> [WHAT YOU ARE ASKED TO DO] Please repeat, exactly and without pictures, the lines of the entries below that run from the one containing "NYÁRI OTTHONI RUHA." through the one containing "Foto van het".

> [DATA EXTRACT]
──────────
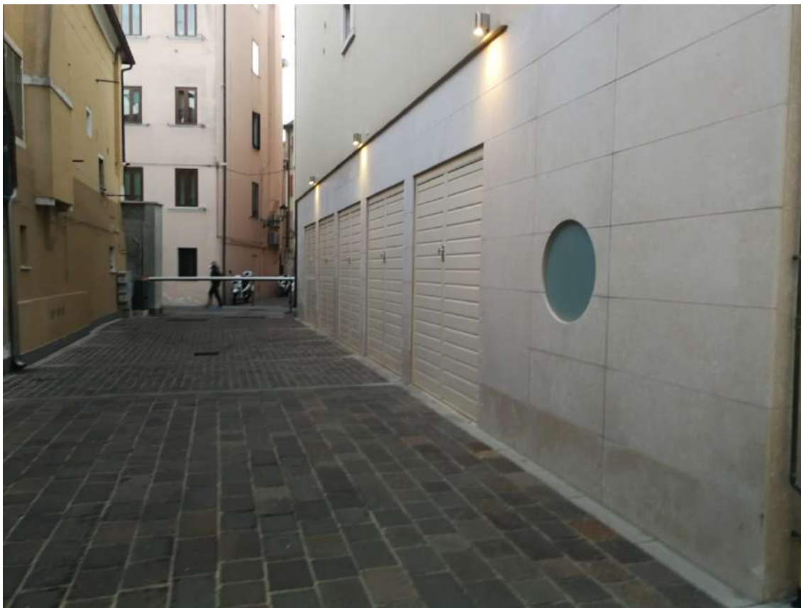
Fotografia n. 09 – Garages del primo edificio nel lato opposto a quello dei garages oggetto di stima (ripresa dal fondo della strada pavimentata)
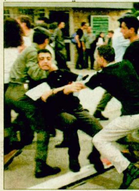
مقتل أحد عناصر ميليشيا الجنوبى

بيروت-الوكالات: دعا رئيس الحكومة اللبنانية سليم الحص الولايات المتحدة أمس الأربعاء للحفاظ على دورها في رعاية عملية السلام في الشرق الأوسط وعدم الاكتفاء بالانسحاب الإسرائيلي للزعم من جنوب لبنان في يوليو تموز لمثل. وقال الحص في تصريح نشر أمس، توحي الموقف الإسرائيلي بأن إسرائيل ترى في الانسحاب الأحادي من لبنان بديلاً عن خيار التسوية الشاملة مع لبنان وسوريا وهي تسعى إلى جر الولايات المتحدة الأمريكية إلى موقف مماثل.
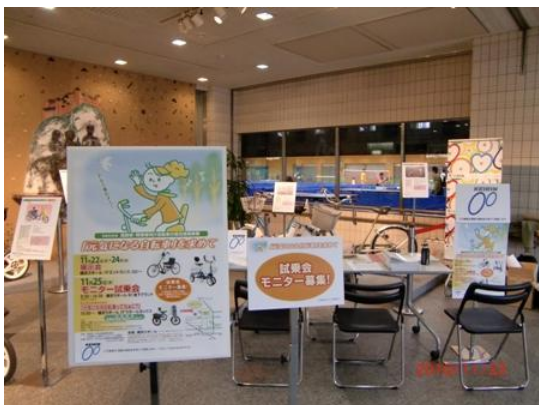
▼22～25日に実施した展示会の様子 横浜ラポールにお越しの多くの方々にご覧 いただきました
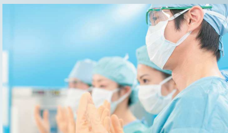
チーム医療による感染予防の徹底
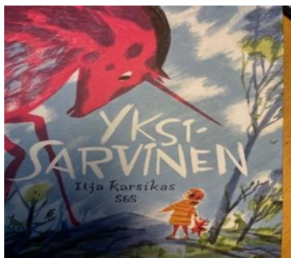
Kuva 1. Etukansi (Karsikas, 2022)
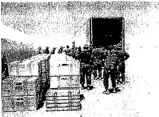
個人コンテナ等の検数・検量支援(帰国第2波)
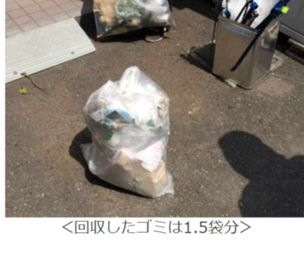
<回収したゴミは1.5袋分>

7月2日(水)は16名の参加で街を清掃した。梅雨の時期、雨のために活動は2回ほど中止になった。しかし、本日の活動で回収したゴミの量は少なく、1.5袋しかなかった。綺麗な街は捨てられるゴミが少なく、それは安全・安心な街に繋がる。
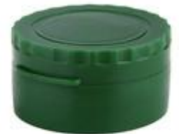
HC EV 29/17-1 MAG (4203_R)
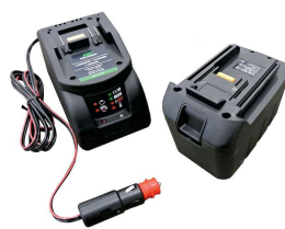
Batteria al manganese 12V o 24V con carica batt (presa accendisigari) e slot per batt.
──────────
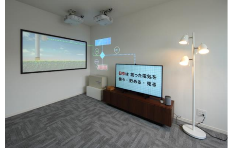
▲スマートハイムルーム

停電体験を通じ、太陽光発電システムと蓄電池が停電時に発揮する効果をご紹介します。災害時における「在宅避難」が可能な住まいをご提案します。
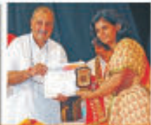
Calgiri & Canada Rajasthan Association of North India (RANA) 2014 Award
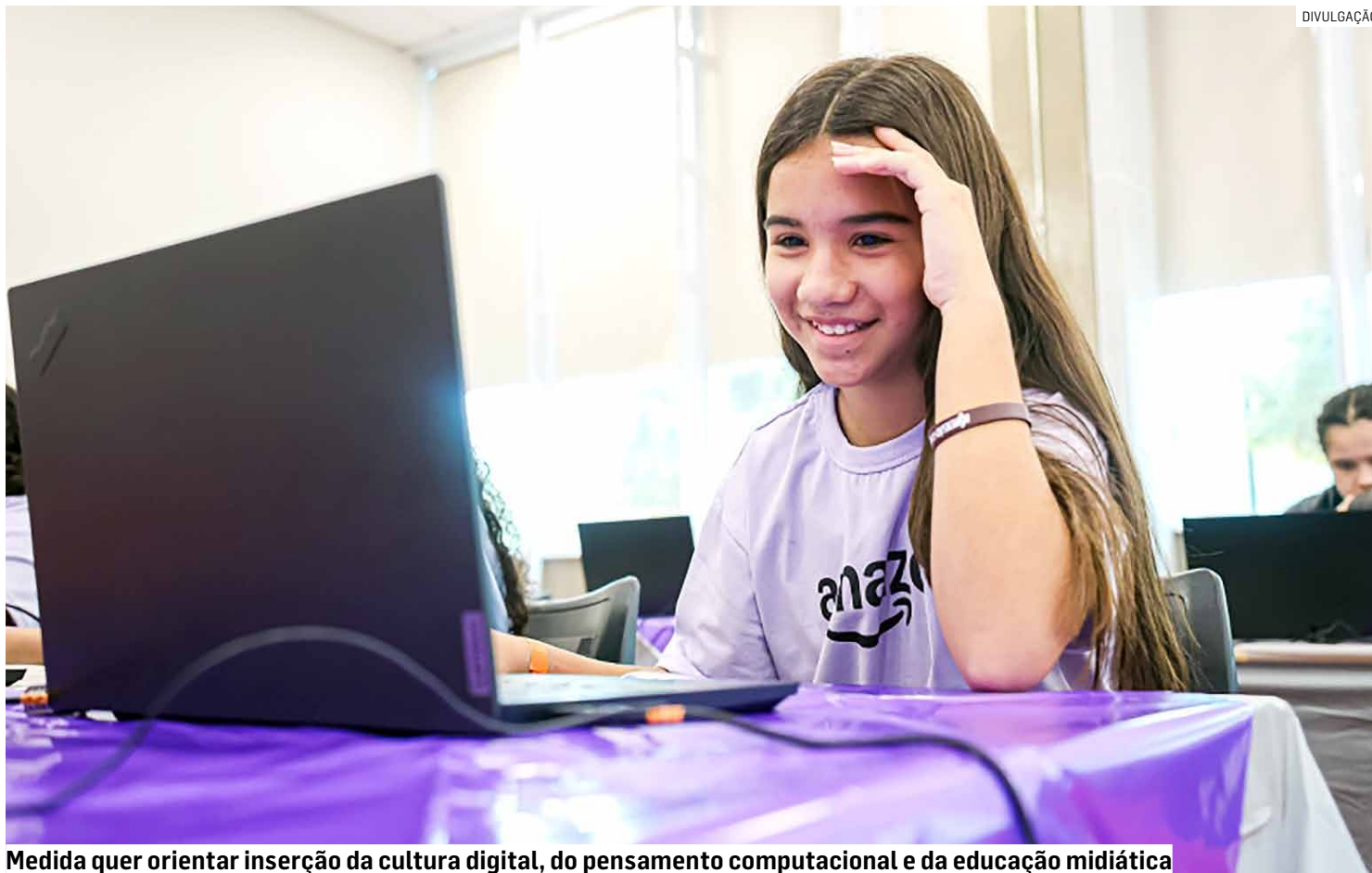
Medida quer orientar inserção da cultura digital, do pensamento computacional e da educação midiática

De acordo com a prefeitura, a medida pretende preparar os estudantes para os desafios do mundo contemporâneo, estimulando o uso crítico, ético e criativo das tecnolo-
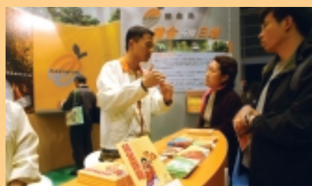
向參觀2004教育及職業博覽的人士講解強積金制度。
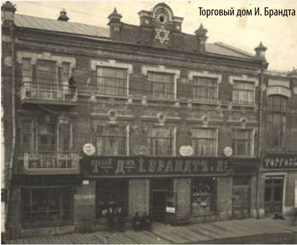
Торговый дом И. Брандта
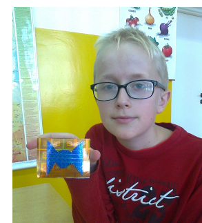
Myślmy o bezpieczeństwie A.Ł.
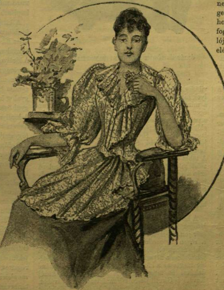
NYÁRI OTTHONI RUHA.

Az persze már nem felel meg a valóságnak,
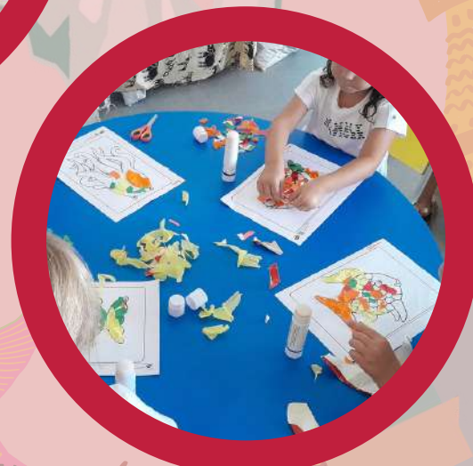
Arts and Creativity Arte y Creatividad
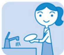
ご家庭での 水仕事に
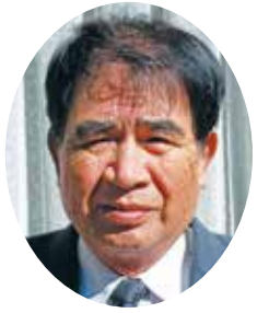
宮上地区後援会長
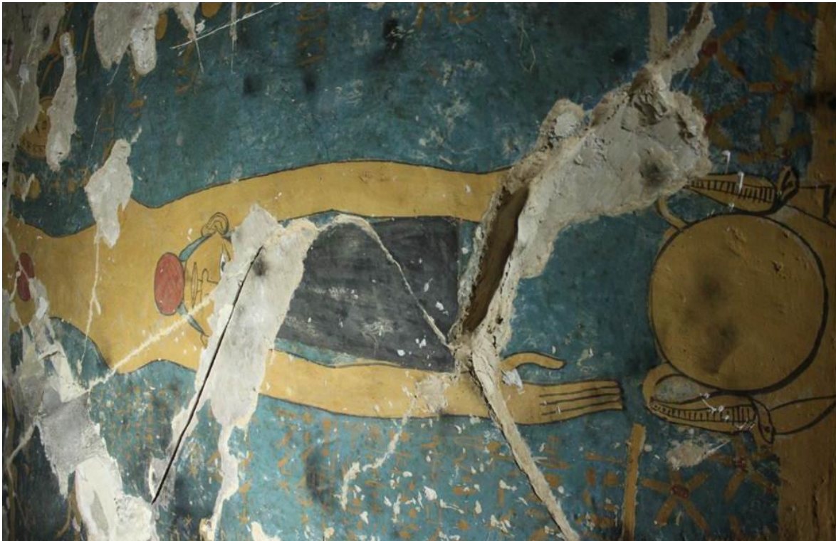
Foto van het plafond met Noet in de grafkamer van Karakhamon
──────────
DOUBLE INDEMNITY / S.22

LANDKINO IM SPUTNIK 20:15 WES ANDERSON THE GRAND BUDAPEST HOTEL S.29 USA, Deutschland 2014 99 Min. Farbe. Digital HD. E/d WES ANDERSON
──────────
> [RESULT FOR THIS EXERCISE]
NYÁRI OTTHONI RUHA.

Az persze már nem felel meg a valóságnak,
Arts and Creativity Arte y Creatividad
ご家庭での 水仕事に
宮上地区後援会長
Foto van het plafond met Noet in de grafkamer van Karakhamon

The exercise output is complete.